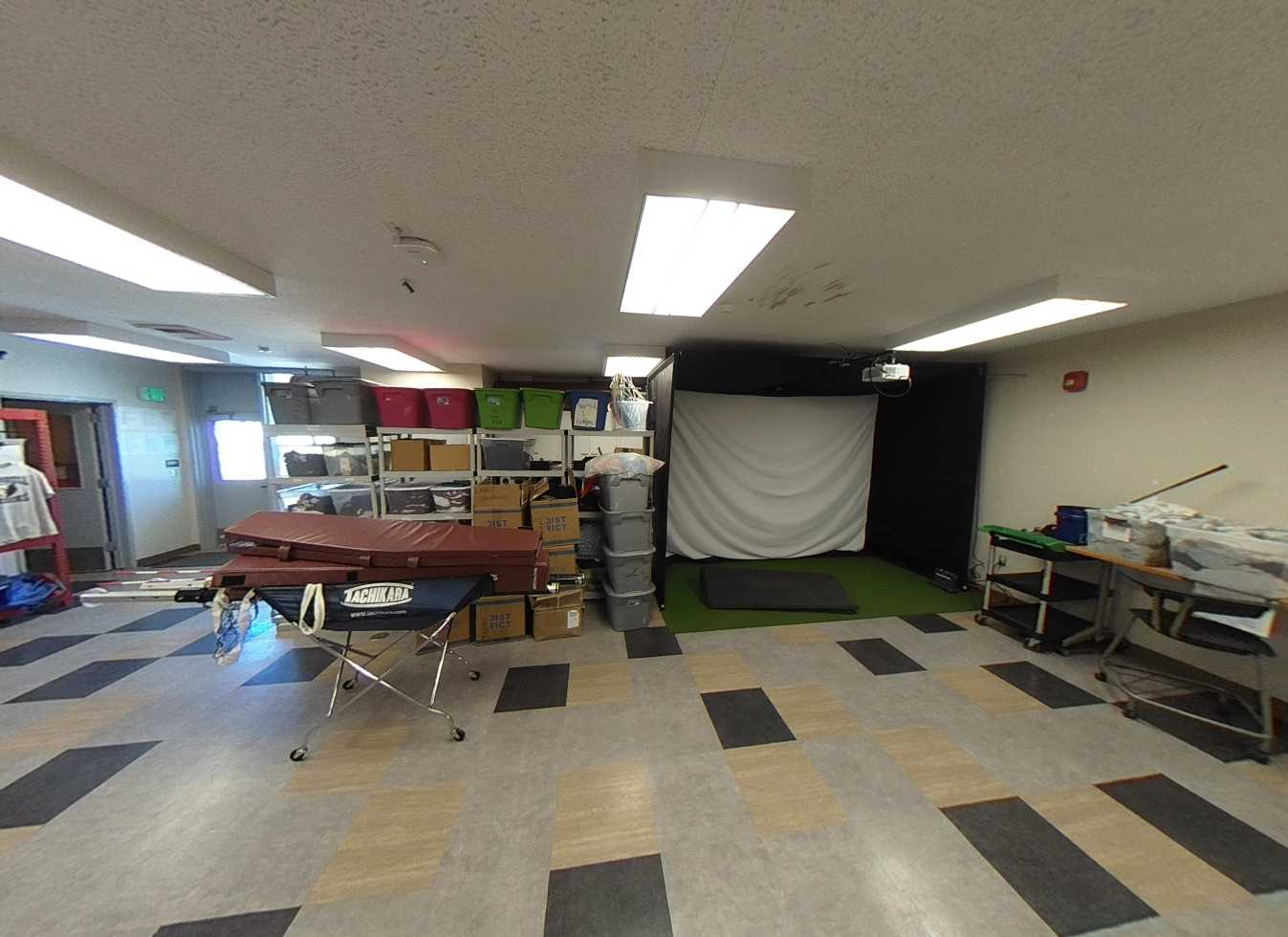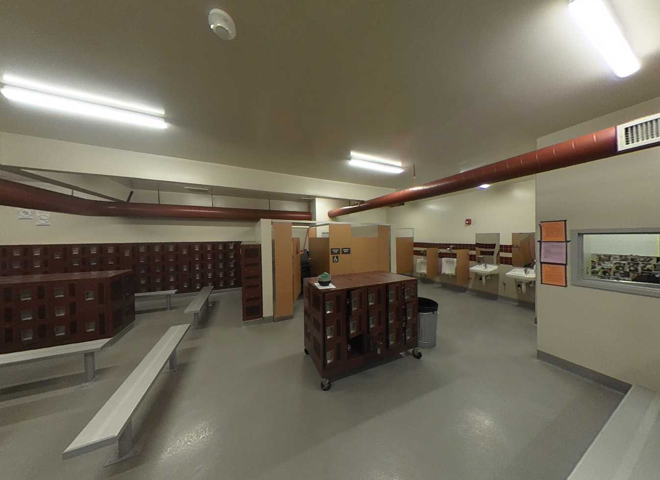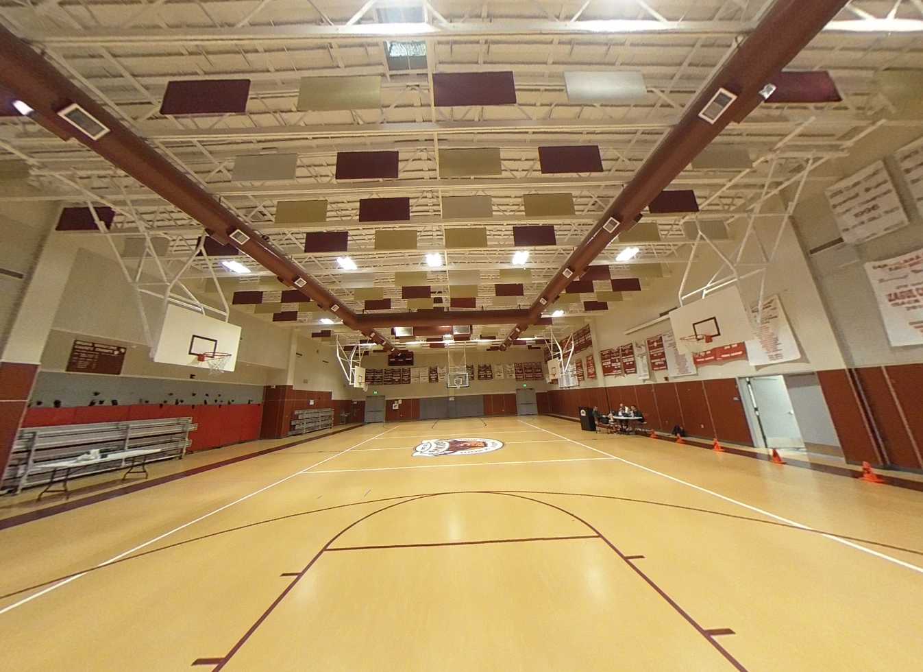 The gym building includes a full gymnasium, music room, offices, storage, and locker rooms. The gym features high ceilings, acoustic wall and ceiling panels, mechanical systems, portable bleachers, and drinking fountains. While generally in good condition, air conditioning is nonfunctional due to a broken rooftop unit, and existing fans are noisy and insufficient. The music room is well-acoustically treated, and restrooms have been recently updated.
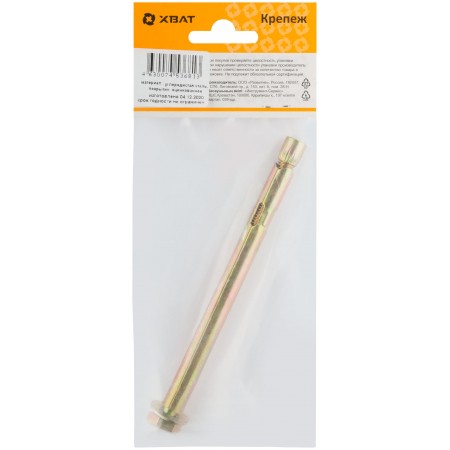 Втулка, болт и конус изготовлены из стали с электроцинкованным покрытием желтого цвета. Применяется для крепления различных тяжеловесных конструкций в полнотелых материалах (бетон, корпич, естественный камень).
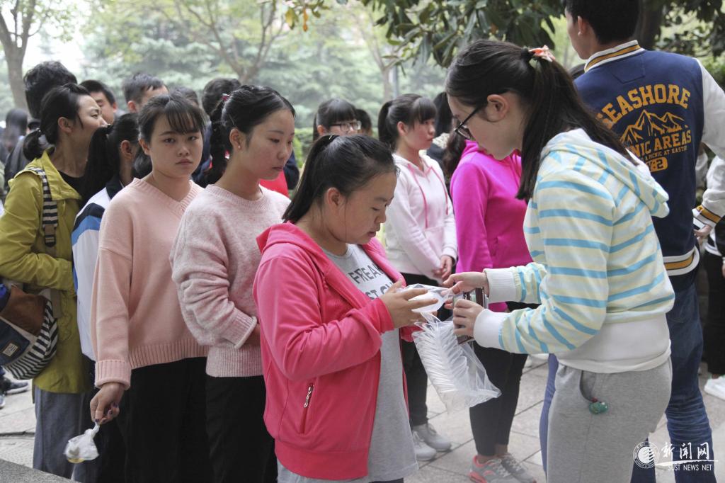 分镜头1:在测试场地门口,大三年级某班长正在给同学们分发测试肺活量的吹嘴。提到体能测试活动,他说,“大三年级的同学普遍比较重视这次体能测试,提前几天就在操场进行练习,当天早上一大清早就换好运动装,排队来到测试地点,以便能够取得好成绩。”
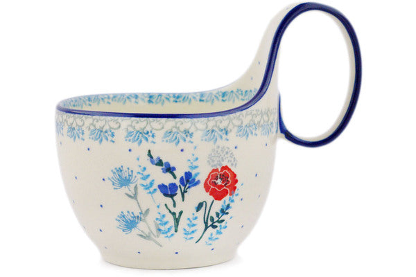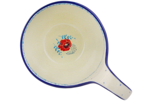 This Spring Sprouts 16 oz Bowl with Loop-Handle was handmade and hand decorated in Boleslawiec, Poland by skilled artisans according to old traditional methods. This Polish stoneware is microwave, dishwasher, freezer, and oven safe up to 480°F. It does not contain lead or cadmium. It is part of the Spring Sprouts Collection.
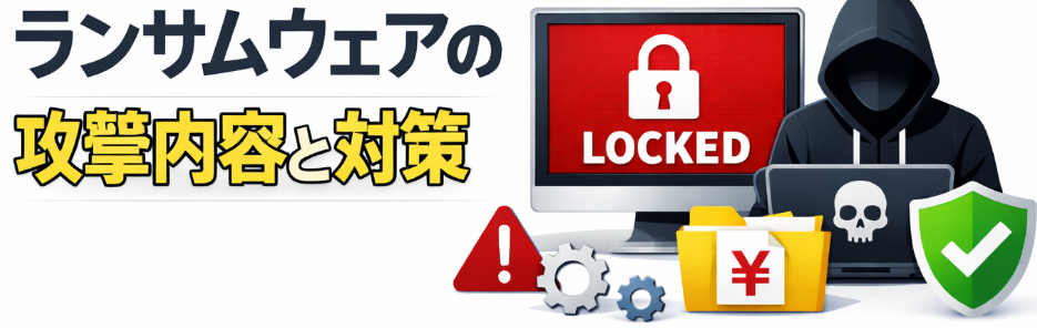 データを暗号化し身代金を要求するランサムウエアについて攻撃の内容と対策を説明します。
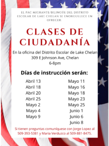 El PAC Migrante/Bilingüe del Distrito Escolar de Lake Chelan se enorgullece en ofrecer clases de ciudadanía gratuitas esta primavera.
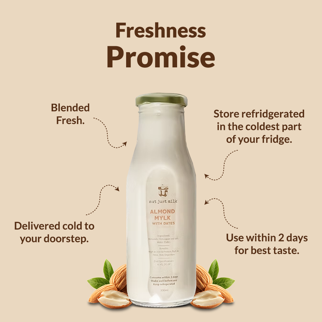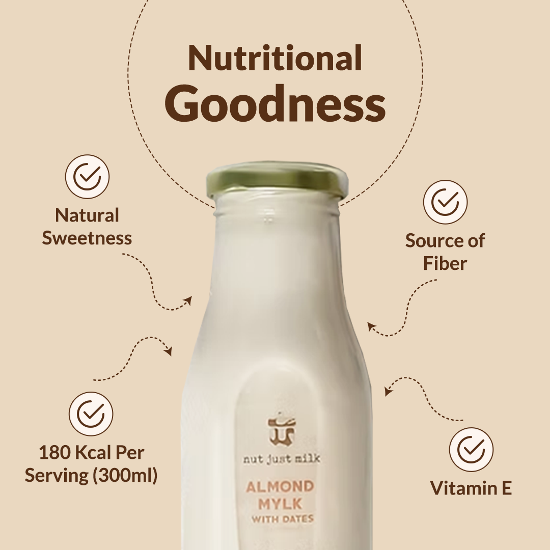 A blend of creamy almond milk and the natural sweetness of dates. Perfect for enjoying on its own, adding to coffee or tea, or used in baking and cooking to enhance recipes with a touch of natural sweetness.
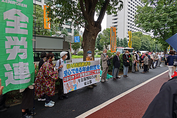 同じ頃、東京地裁前には年金引き下げ違憲訴訟の皆さんがいました。
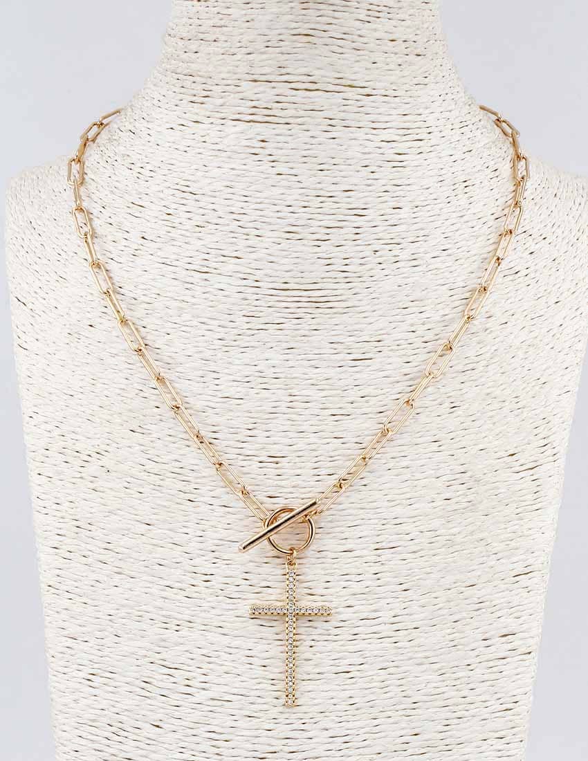 Gold Open Chain with Toggle and Rhinestone Cross 18" Necklace
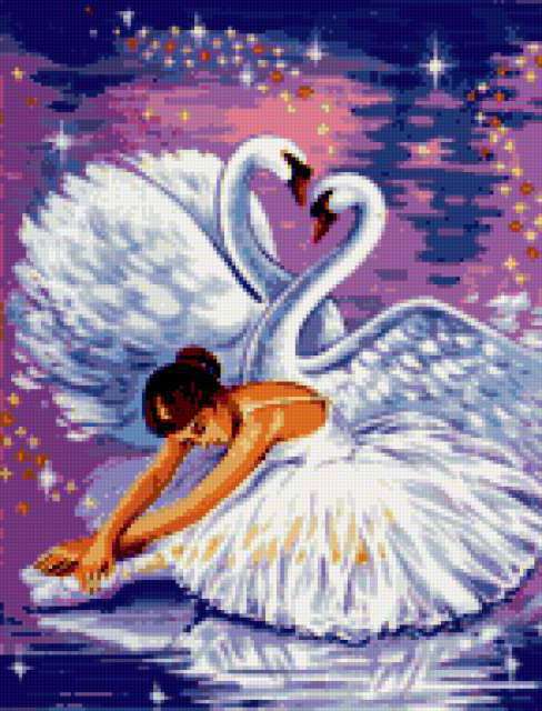 Ориентировочно так, схема вышивки «Лебединое озеро», созданная автором VA903M, будет выглядеть при отшиве на канве. Размер данной вышивки равен 145x190 крестов, при этом используется 45 цветов. Ключевые слова, по которым можно найти эту схему: балет, балерина, лебеди. Также, вы можете взглянуть на оригинальную картинку, соответствующую данной схеме вышивки.
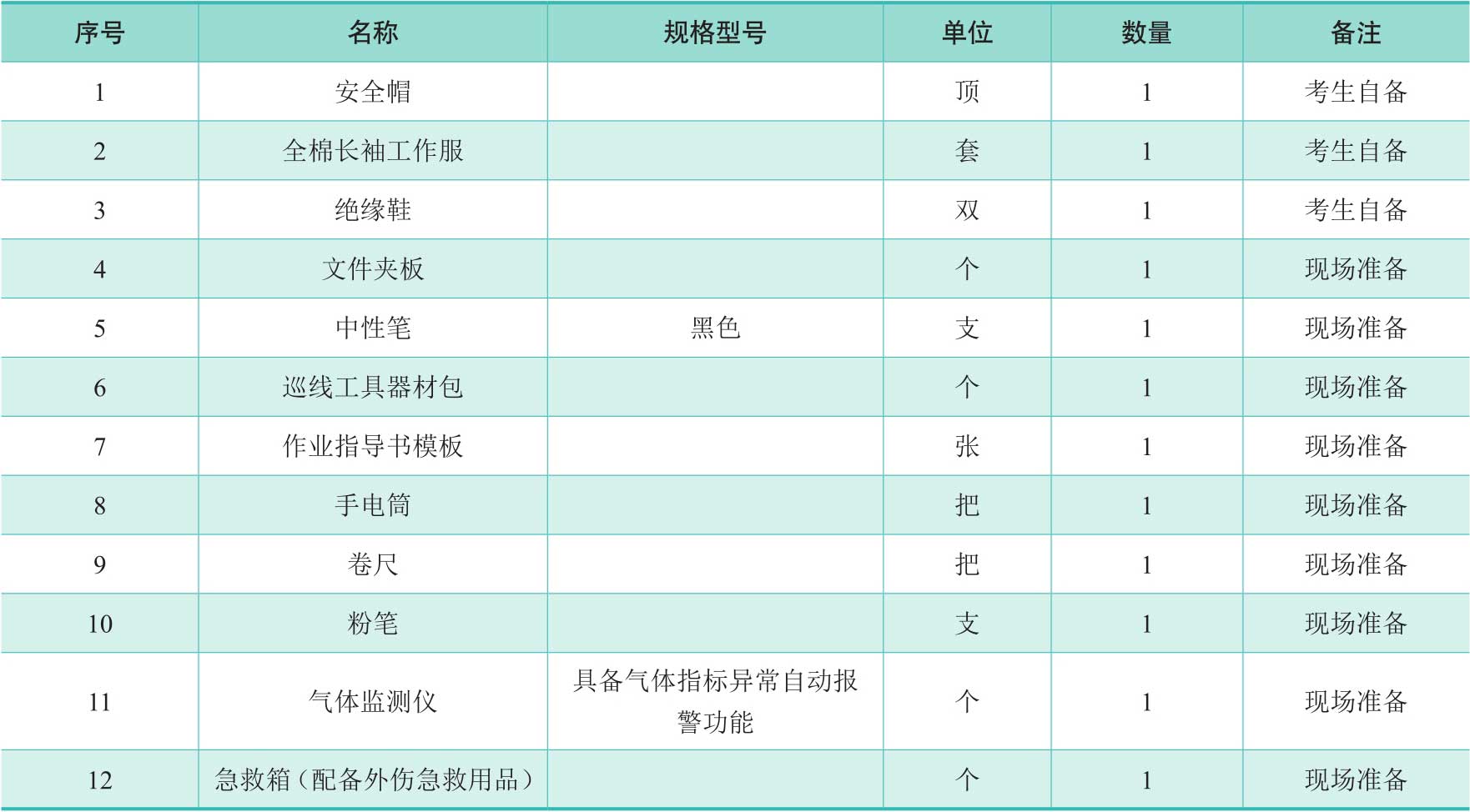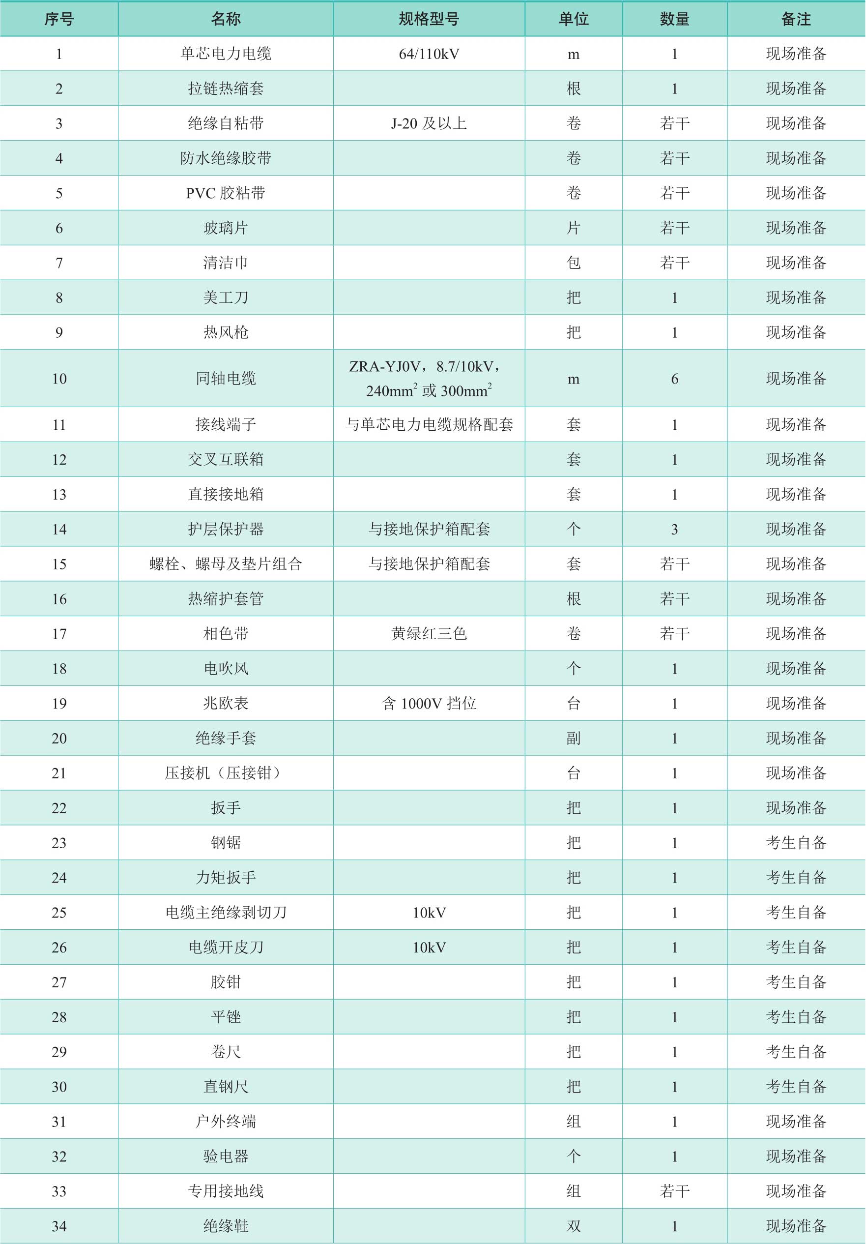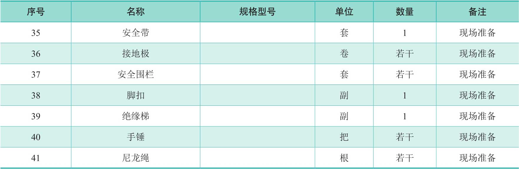 (2)工具器材及使用材料准备:对进场的仪器、工具器材进行检查,确保能正常使用,并整齐摆放,工具器材要求质量合格、安全可靠、数量满足需要。

# # # # #

• WORK REQUEST: All of the data gets printed again exactly; the pictures do not.

• ANSWER FOR THIS EXERCISE:
 The gym building includes a full gymnasium, music room, offices, storage, and locker rooms. The gym features high ceilings, acoustic wall and ceiling panels, mechanical systems, portable bleachers, and drinking fountains. While generally in good condition, air conditioning is nonfunctional due to a broken rooftop unit, and existing fans are noisy and insufficient. The music room is well-acoustically treated, and restrooms have been recently updated.
 Втулка, болт и конус изготовлены из стали с электроцинкованным покрытием желтого цвета. Применяется для крепления различных тяжеловесных конструкций в полнотелых материалах (бетон, корпич, естественный камень).
 分镜头1:在测试场地门口,大三年级某班长正在给同学们分发测试肺活量的吹嘴。提到体能测试活动,他说,“大三年级的同学普遍比较重视这次体能测试,提前几天就在操场进行练习,当天早上一大清早就换好运动装,排队来到测试地点,以便能够取得好成绩。”
 This Spring Sprouts 16 oz Bowl with Loop-Handle was handmade and hand decorated in Boleslawiec, Poland by skilled artisans according to old traditional methods. This Polish stoneware is microwave, dishwasher, freezer, and oven safe up to 480°F. It does not contain lead or cadmium. It is part of the Spring Sprouts Collection.
 データを暗号化し身代金を要求するランサムウエアについて攻撃の内容と対策を説明します。
 El PAC Migrante/Bilingüe del Distrito Escolar de Lake Chelan se enorgullece en ofrecer clases de ciudadanía gratuitas esta primavera.
 A blend of creamy almond milk and the natural sweetness of dates. Perfect for enjoying on its own, adding to coffee or tea, or used in baking and cooking to enhance recipes with a touch of natural sweetness.
 同じ頃、東京地裁前には年金引き下げ違憲訴訟の皆さんがいました。
 Gold Open Chain with Toggle and Rhinestone Cross 18" Necklace
 Ориентировочно так, схема вышивки «Лебединое озеро», созданная автором VA903M, будет выглядеть при отшиве на канве. Размер данной вышивки равен 145x190 крестов, при этом используется 45 цветов. Ключевые слова, по которым можно найти эту схему: балет, балерина, лебеди. Также, вы можете взглянуть на оригинальную картинку, соответствующую данной схеме вышивки.
 (2)工具器材及使用材料准备:对进场的仪器、工具器材进行检查,确保能正常使用,并整齐摆放,工具器材要求质量合格、安全可靠、数量满足需要。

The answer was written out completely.